▶ Source material:
►

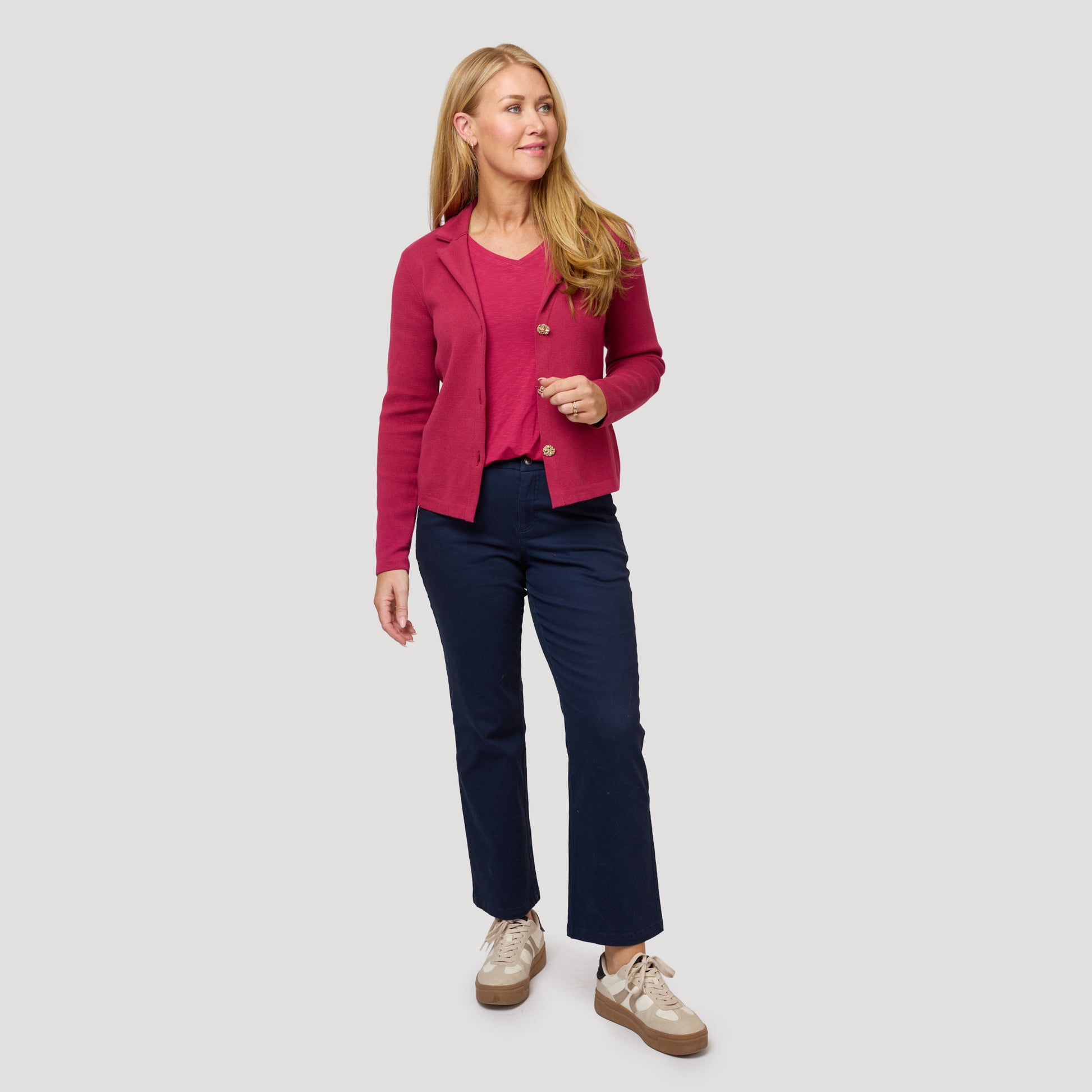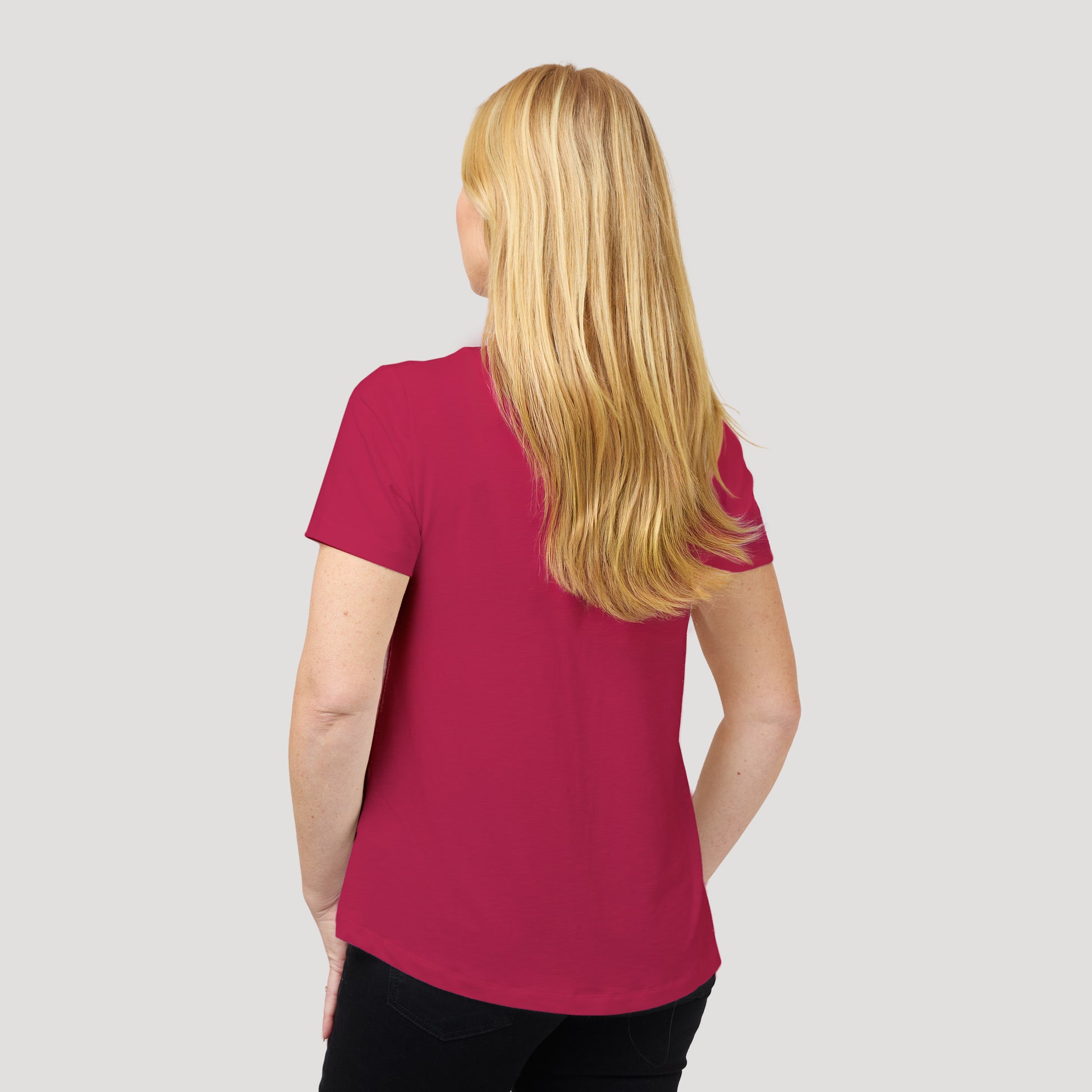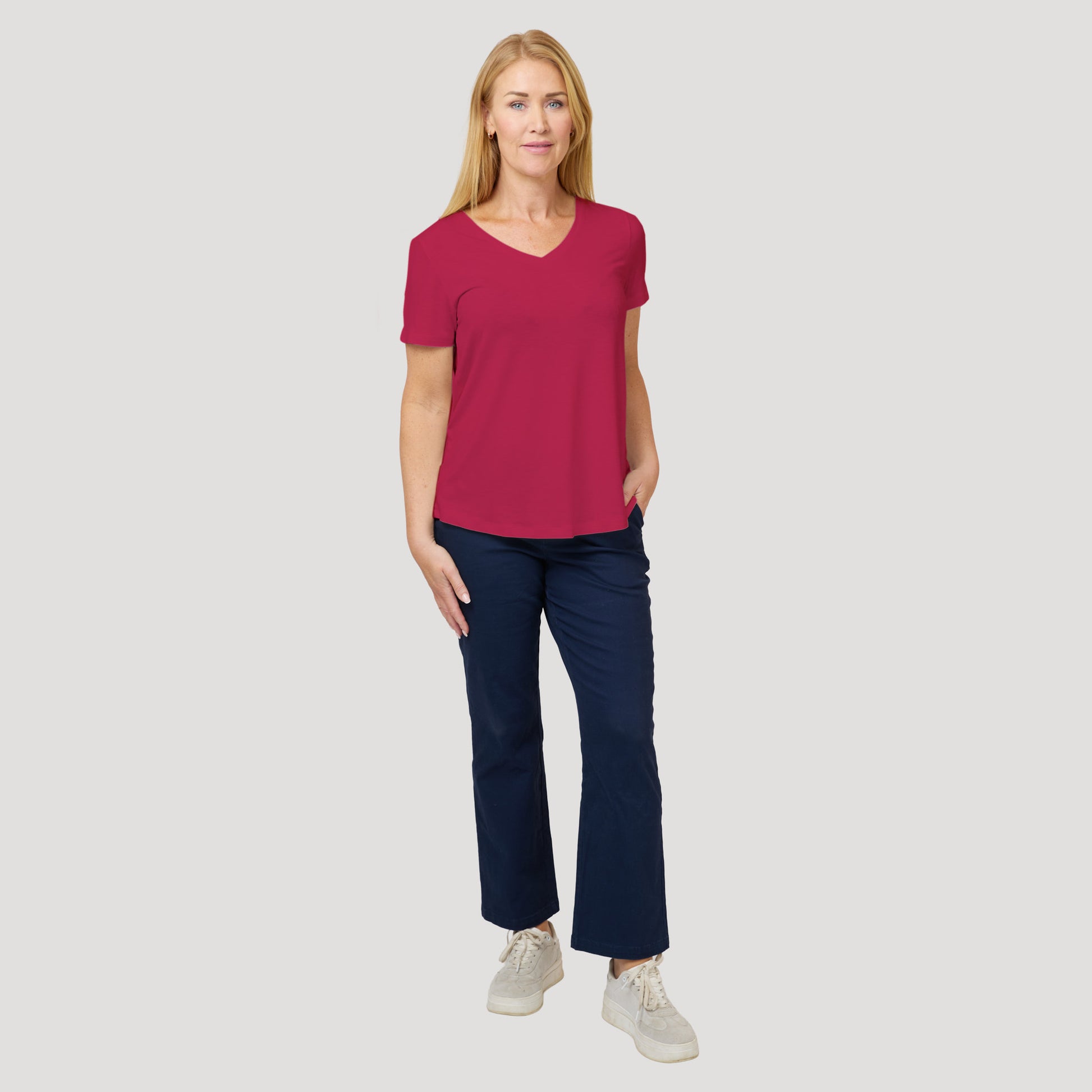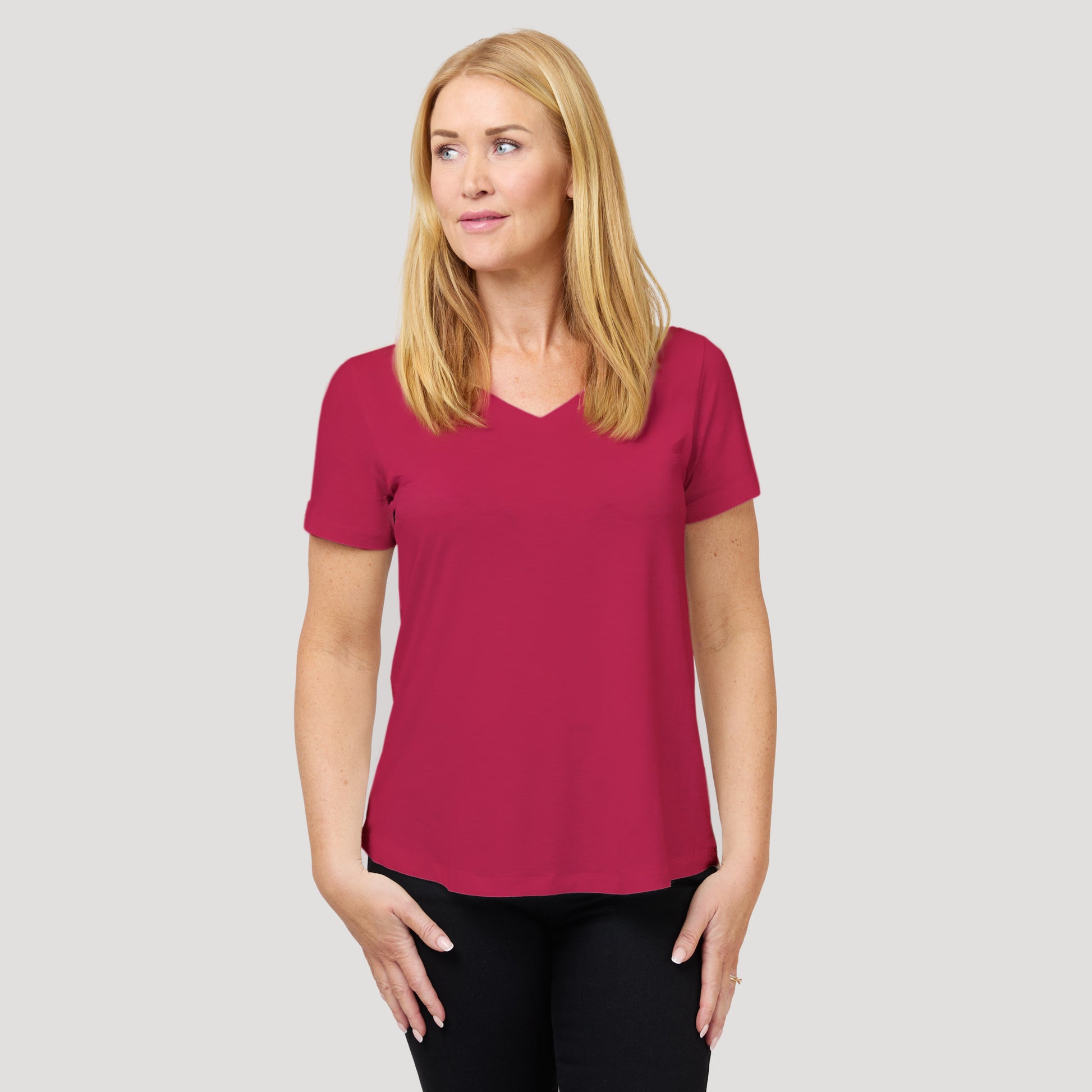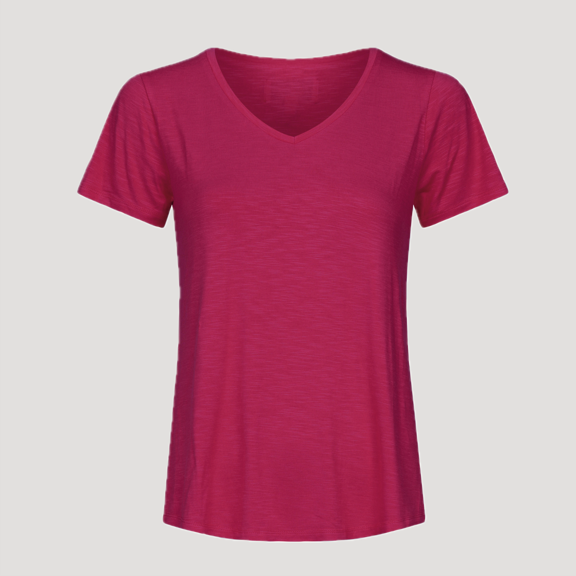 V-ringad topp med kort ärm. Hallonröd tröja i viskos som är rundad nertill. Dessa toppar är otroligt populära basplagg! Modellen är liknande tidigare produkten Karlie fast i något tjockare kvalitet. Vår modell Marianne är 173 cm och har storlek S på sig.
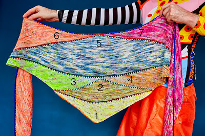 Gather a collection of fingering weight colors to knit this short row shawl design. Dive into your stash and use little bits of yarn and leftovers for the garter stitch sections and eyelet contrast stripes. There are seven sections for you to play with speckled or tonal yarns, perfect for featuring those souvenir skeins from your travels and yarn festivals. Contrast color eyelets decorate the garter stitch sections and I-cord edges frame the triangular shape.
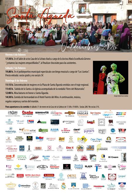La Asociación Cultural Santa Águeda de Valderrobres ha organizado para este fin de semana un completo programa de actividades con motivo de la festividad de Santa Águeda, que se desarrollará entre el viernes 6 y el domingo 8 de febrero y que combinará actos culturales, lúdicos y tradicionales abiertos a la participación de vecinas y vecinos.
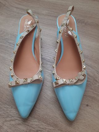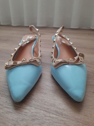 Zapatos de tacón tipo kitten en color azul bebé con brillo. Cadena con detalles dorados y lazo en la parte delantera. Acabado en punta. Elástico trasero. Altura del tacón: 5cm.
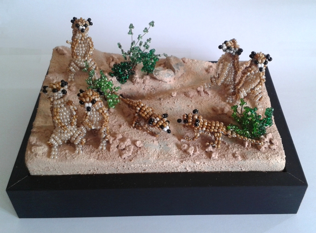 Und hier Bilderrahmen, Blumensteckschwämme für die Untergründe, Plüsch mit Acrylfarbe für das Gras und natürlich wieder Perlen und Draht *lach* für eine Afrika-Deko
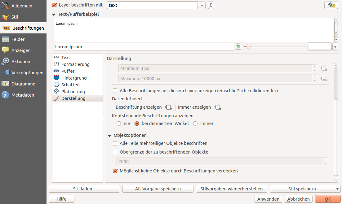 Die entscheidenden Einstellungen werden logischerweise im Reiter “Beschriftungen” vorgenommen. Zunächst wird hier das Beschriftungsfeld ausgewählt. Das ist das Feld “text”, das auch hier regelbasiert definiert oder eingeschränkt werden kann.
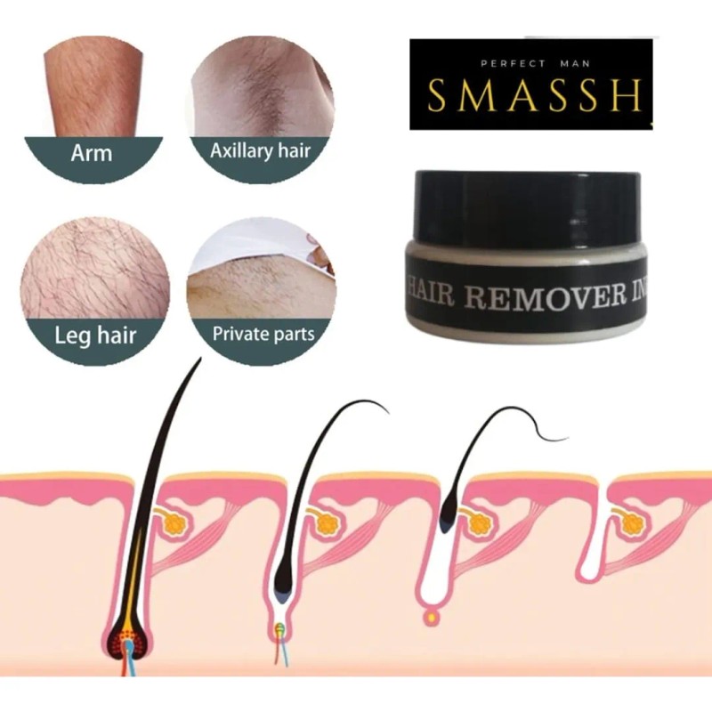 La crema depiladora para hombre de la marca Smassh es la solución perfecta para eliminar el vello grueso de manera rápida y efectiva. Esta crema ha sido dermatológicamente testeada, lo que garantiza su seguridad y eficacia en el cuidado de la piel masculina.
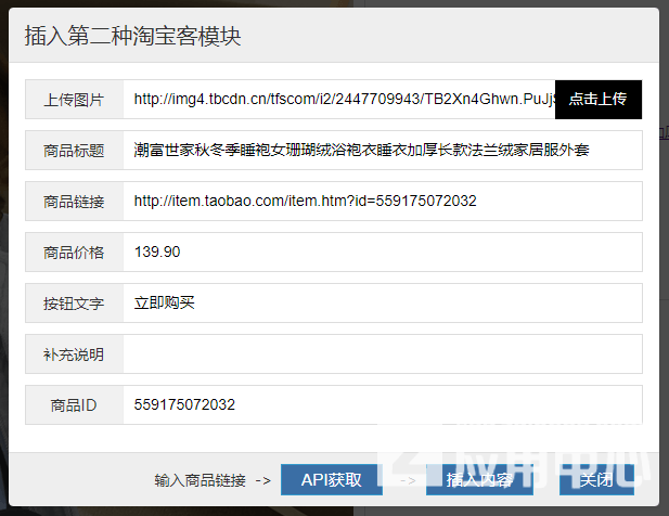 (3)点击API获取,自动获取内容到相应的地方。商品id和其他已经获取到的信息请不要随意修改。
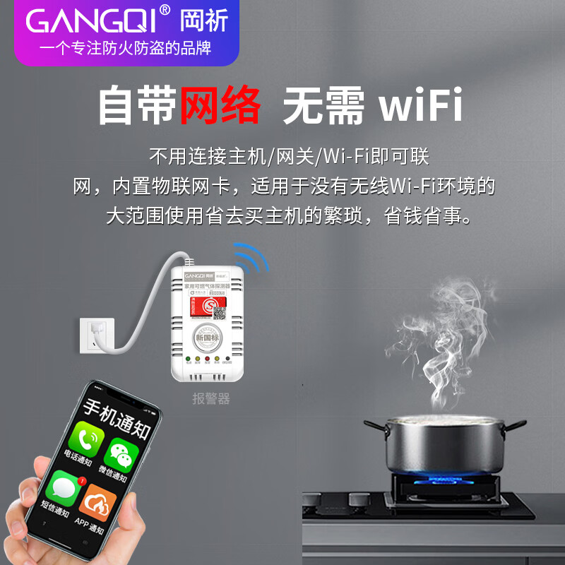 岡祈(Gangqi)远程手机通知 燃气报警器 家用厨房天然气报警器 感应煤气甲烷泄漏探测YJ-607价格:169.00元!
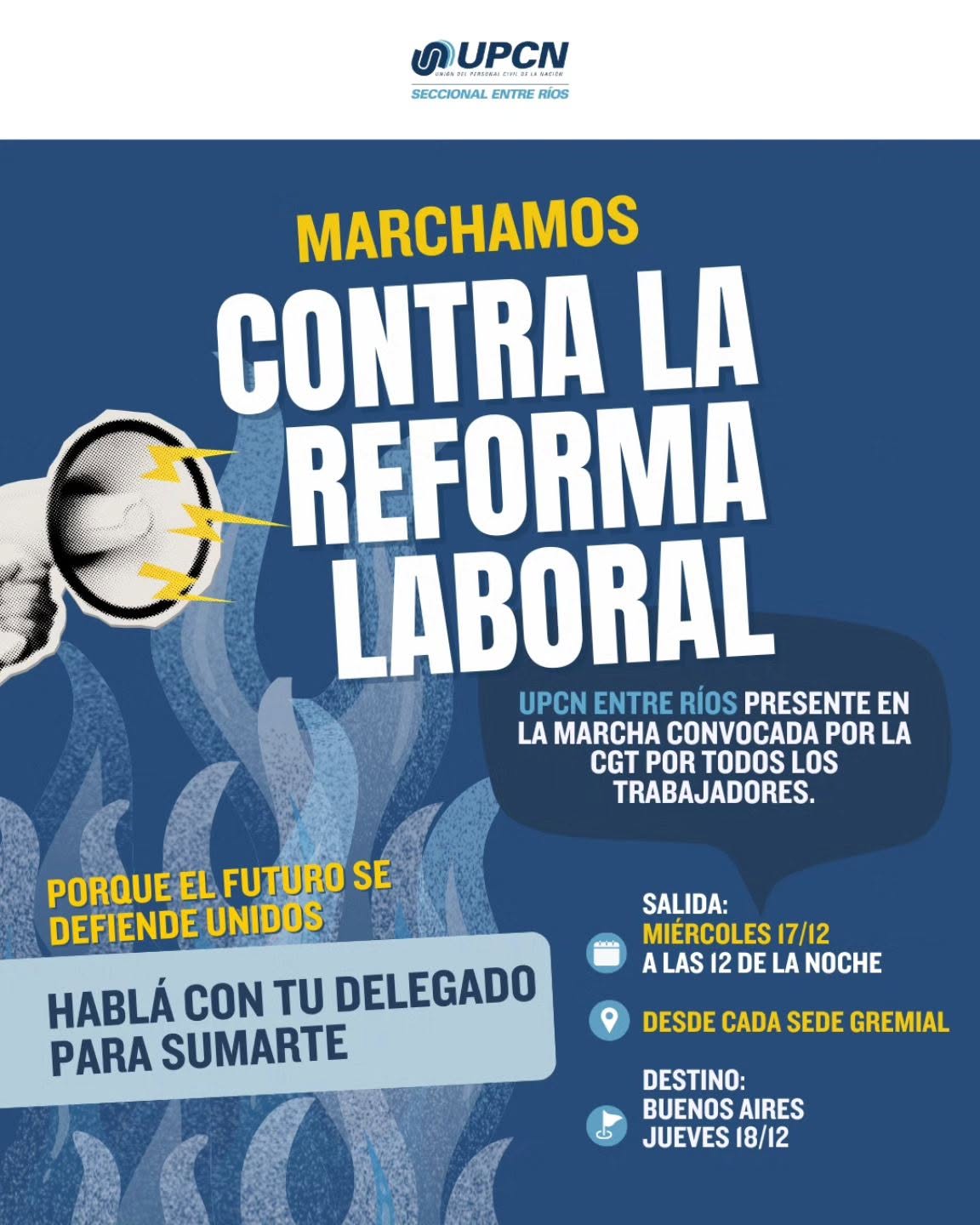 La Unión del Personal Civil de la Nación (UPCN) Entre Ríos expresó un fuerte repudio al proyecto de reforma laboral que impulsa el Gobierno nacional, al que consideró “peligroso” y contrario a la Constitución y a los tratados internacionales que protegen el trabajo digno. En ese marco, el gremio anunció que movilizará “en forma masiva y desde todos los lugares de la provincia” a la marcha convocada por la Confederación General del Trabajo (CGT).

◄

▶ Exercise objective:
Print only the lines from the one with "Die entscheidenden Einstellungen" through the last line of the data above, exactly and with both ends, and please omit any pictures.

▶ Answer box:
 Die entscheidenden Einstellungen werden logischerweise im Reiter “Beschriftungen” vorgenommen. Zunächst wird hier das Beschriftungsfeld ausgewählt. Das ist das Feld “text”, das auch hier regelbasiert definiert oder eingeschränkt werden kann.
 La crema depiladora para hombre de la marca Smassh es la solución perfecta para eliminar el vello grueso de manera rápida y efectiva. Esta crema ha sido dermatológicamente testeada, lo que garantiza su seguridad y eficacia en el cuidado de la piel masculina.
 (3)点击API获取,自动获取内容到相应的地方。商品id和其他已经获取到的信息请不要随意修改。
 岡祈(Gangqi)远程手机通知 燃气报警器 家用厨房天然气报警器 感应煤气甲烷泄漏探测YJ-607价格:169.00元!
 La Unión del Personal Civil de la Nación (UPCN) Entre Ríos expresó un fuerte repudio al proyecto de reforma laboral que impulsa el Gobierno nacional, al que consideró “peligroso” y contrario a la Constitución y a los tratados internacionales que protegen el trabajo digno. En ese marco, el gremio anunció que movilizará “en forma masiva y desde todos los lugares de la provincia” a la marcha convocada por la Confederación General del Trabajo (CGT).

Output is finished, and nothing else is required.